Beurling was shot down four times over Malta. On 14 October 1942 (his last flight over Malta), Beurling scrambled with six other pilots from his squadron to intercept a raid of Ju 88s escorted by 60 Bf 109s, Macchi 202s and Reggiane 2001s just south of Zonqor Point. He strafed a bomber that he claimed to have shot down, but was, in turn, hit by return fire from the Ju 88: "I picked up about 30 bullet holes." Then he claimed to have damaged a Messerschmitt and to have blown the left wing of another Bf 109 off at the root. Seconds later, another German fighter hit him from below. He was wounded in the heel, elbow and ribs, and his Spitfire was set on fire. He managed to bail out into the sea. During this action, no Messerschmitt was in fact destroyed. Only 2. Staffel (Black 1/7619) of I/JG53, flown by Obfw Josef Edere who was wounded, was damaged in the action, and Edere crash-landed at San Pietro, Sicily. Beurling was probably shot down by Obfw Riker of 4/JG53 or Ltn Karl von Lieres of 2/JG27 (who was credited with his 26th). Of the seven Ju 88s claimed to have been shot down by the RAF, only one did not return. After his rescue, Beurling was hospitalised.

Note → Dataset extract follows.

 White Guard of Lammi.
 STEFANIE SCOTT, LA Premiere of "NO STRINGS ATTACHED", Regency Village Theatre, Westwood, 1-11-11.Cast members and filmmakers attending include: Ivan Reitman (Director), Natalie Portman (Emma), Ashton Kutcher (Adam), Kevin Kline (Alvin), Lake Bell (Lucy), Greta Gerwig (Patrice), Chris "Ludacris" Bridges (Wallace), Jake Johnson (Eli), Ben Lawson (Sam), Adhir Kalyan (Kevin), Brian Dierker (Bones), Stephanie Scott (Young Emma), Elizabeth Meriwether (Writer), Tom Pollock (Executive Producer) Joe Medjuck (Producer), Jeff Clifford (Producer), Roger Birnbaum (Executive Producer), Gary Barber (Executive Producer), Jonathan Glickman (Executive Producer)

Beurling was then sent back to Britain on 31 October 1942. On the way, the B-24 transport aircraft he was aboard crashed into the sea off Gibraltar. Beurling was one of only three survivors.

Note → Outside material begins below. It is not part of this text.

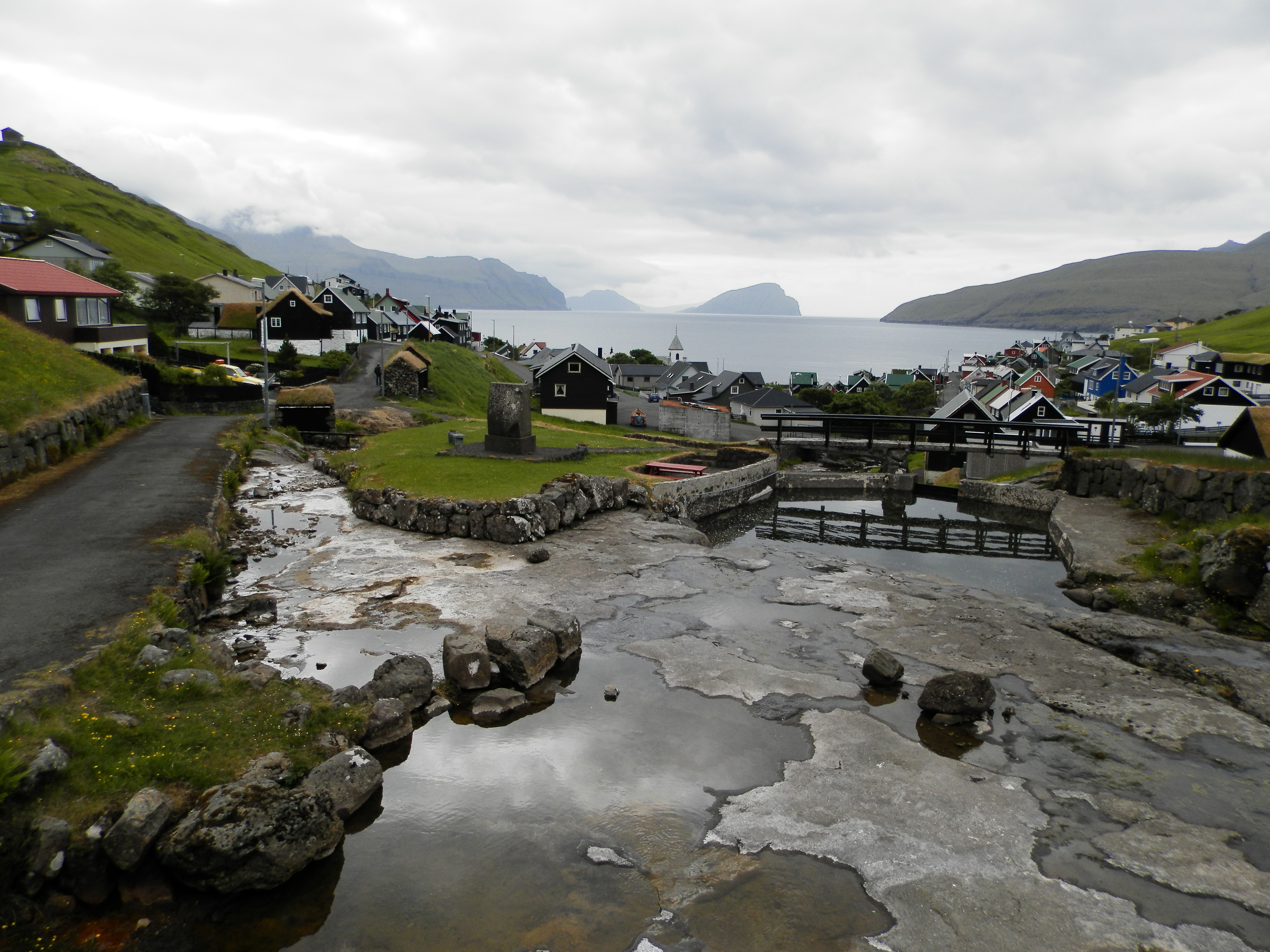 Kvívík is a village on the west coast of Streymoy, Faroe Islands.

On 4 November he received the Distinguished Service Order, the citation read:

Pilot Officer George Frederick BEURLING, D.F.C., D.F.M. (128707), Royal Air Force Volunteer Reserve, No. 249 Squadron.
Since being awarded the Distinguished Flying Cross, Pilot Officer Beurling has destroyed a further six enemy aircraft, bringing his total victories to 28. During one sortie on 13 October 1942, he shot down a Junkers 88 and two Messerschmitt 109s. The following day, in a head-on attack on enemy bombers, he destroyed one of them before he observed his leader being attacked by an enemy fighter. Although wounded, Pilot Officer Beurling destroyed the fighter. Then climbing again, although his aircraft was hit by enemy fire, he shot down another fighter before his own aircraft was so damaged that he was forced to abandon it. He descended safely on to the sea and was rescued. This officer's skill and daring are unexcelled.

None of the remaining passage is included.